* [Problem requirements]
Repeat the data exactly, leaving out any image.

* [Information supplied]
----------------
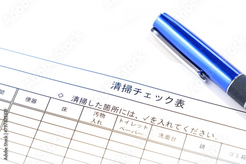 清掃業でトイレの清掃後、清掃チェック表を記入する
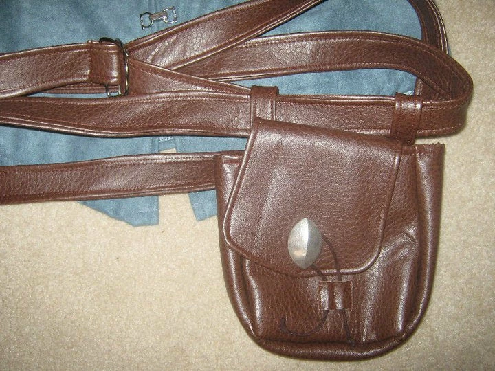 This cosplay hip pouch will finish your look! Faux leather belt wraps, and has sliding and fully functional pouch, suitable for a variety of cosplay looks. Disney Tangled menโs tunic sold separately, pair together for full look.
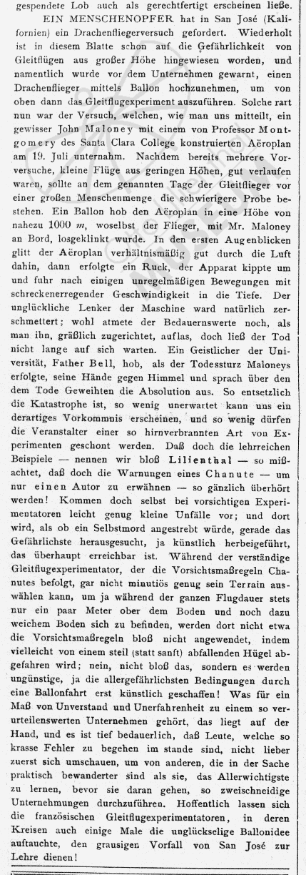 zum tödlichen Unfall von John Maloney mit Montgomery-Gleiter, mit dem er vom ballon aus startete
----------------
* [Solution to this problem]
 清掃業でトイレの清掃後、清掃チェック表を記入する
 This cosplay hip pouch will finish your look! Faux leather belt wraps, and has sliding and fully functional pouch, suitable for a variety of cosplay looks. Disney Tangled menโs tunic sold separately, pair together for full look.
 zum tödlichen Unfall von John Maloney mit Montgomery-Gleiter, mit dem er vom ballon aus startete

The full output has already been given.